This help page is not very informative at the moment:


From what I understand, this Stack Exchange site should welcome questions about everything that is related to Sitecore development and usage, such as:

  • Code issues, best practices, debugging, optimization, etc.;
  • Tools and modules;
  • Configuration;
  • Administration;
  • Security;
  • Deployments;
  • Marketing features;
  • User interface;
  • Integration with other platforms and technologies;
  • etc.

It would be highly beneficial to clearly define what should and what shouldn't be asked on this site, as well as update the above mentioned help page to reflect all that.

This could prevent questions like this one from being closed as off-topic.

3 Answers 3


I stand with Mark Cassidy's comments in Slack on this. If it has anything to do with Sitecore at all, it should be allowed to be asked here. This could lend itself to some interpretation though. For example, if someone were to ask "How do I populate a List object?". This person is using Sitecore and probably working with items, but his direct question is about how to use .NET List(). That is an example of a question that probably shouldn't be on here.

But maybe he MEANT to say, "How to I populate a List() with Sitecore items from a query?" Well, now we're talking about an answer where maybe using a IEnumerable converted from an ItemCollection would be the answer, and is very Sitecore relevant.

To be honest, so far, the only question I felt questionable thus far on the posts that have been proposed as Closed Voting, was the one talking about SOLR Indexes. SOLR itself is probably not something we want to dive into. But what if it's talking about the Sitecore Content Search API and using SOLR? Then that probably should be on here.

At the end of the day, though, I don't want this to be a community where members feel bad about asking "too-broad" of questions. Sitecore is a huge Yak that can be shaved in a multitude of ways depending on what you are doing. There are best practices, then there are BEST practices, then there are Worst practices.

I say let the debate occur here, even if it is too broad or opinion based.


It worth having a looking through the StackExchange intro tour which includes information on the kind of questions that could be asked.

Focus on questions about an actual problem you have faced. Include details about what you have tried and exactly what you are trying to do.

Ask about...

  • Specific issues with Sitecore CMS and multichannel marketing software
  • Real problems or questions that you’ve encountered

Like-wise, questions that are not a good fit for StackExchange:

Not all questions work well in our format. Avoid questions that are primarily opinion-based, or that are likely to generate discussion rather than answers.

Don't ask about...

  • Anything not directly related to Sitecore CMS and multichannel marketing software
  • Questions that are primarily opinion-based
  • Questions with too many possible answers or that would require an extremely long answer

So anything directly Sitecore related is on-topic, and it does not have to be directly programming related. But questions need to be specific and trying to solve a specific problem. Asking open-ended questions, duplicate questions or not having tried anything (I need to do X, please provide code) should all be considered off-topic and trigger close votes.

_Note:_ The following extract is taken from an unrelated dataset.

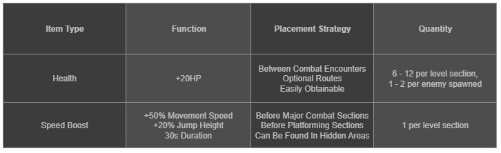 - Speed Boost pickups provide temporary movement enhancements, positioned before harder platforming sections and high-intensity zones, giving players frequent opportunities to give themselves advantages.
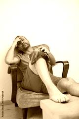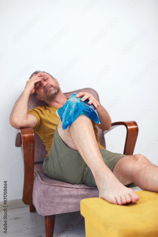 Man with painful knee and leg injury at home cooling down with ice pack.

  • Hmm, but do we really want this site to follow the normal Stack Exchange format so strictly? I think that opinion-based answers may be of more use here than on SO. Personally, I would try to loosen up the common rules and allow discussions to a degree. Not only would that give more value to the users, but it would also differentiate this site further from the regular Stack Overflow. Sep 26, 2016 at 16:55
  • 1
    Whilst I agree, none of the StackExchange sites are a forum. This site is all about getting answers. It's not a discussion forum. There's no chit-chat. Open ended questions tend to attract a lot of chatter. But that's not to say a question cannot have multiple different answers that may, in the opinion of the person answering, solve the problem.
    – jammykam
    Sep 26, 2016 at 17:39
  • 1
    But "Best practices" questions, especially at architecture level are frequently open-ended and opinion based, yet vital to the Sitecore community. Two examples: 1) "Should we source control Sitecore modules?" - very specific, but a good question that brought out various responses that were opinion based, backed up in concrete practice. Whereas "How to implement multiple developer teams (vendor branches) in Sitecore" is on hold as opinion based (yes, it is opinion based, but could provide fantastic answers detailing the advantages and drawbacks of different approaches). And yes, it is mine. Sep 29, 2016 at 12:52

Questions should be well researched, and pushed to the point where the author could not do a specific thing. Not because "Can I get feedback on this approach?" is inherently terrible, but because allowing this type of question deprives the author of the chance to write a truly useful question. Maintaining standards raises everyone's game, in the same way that chairing a meeting with a defined agenda leads to a much more productive use of everyone's time than winging it with a "So what's on peoples minds?"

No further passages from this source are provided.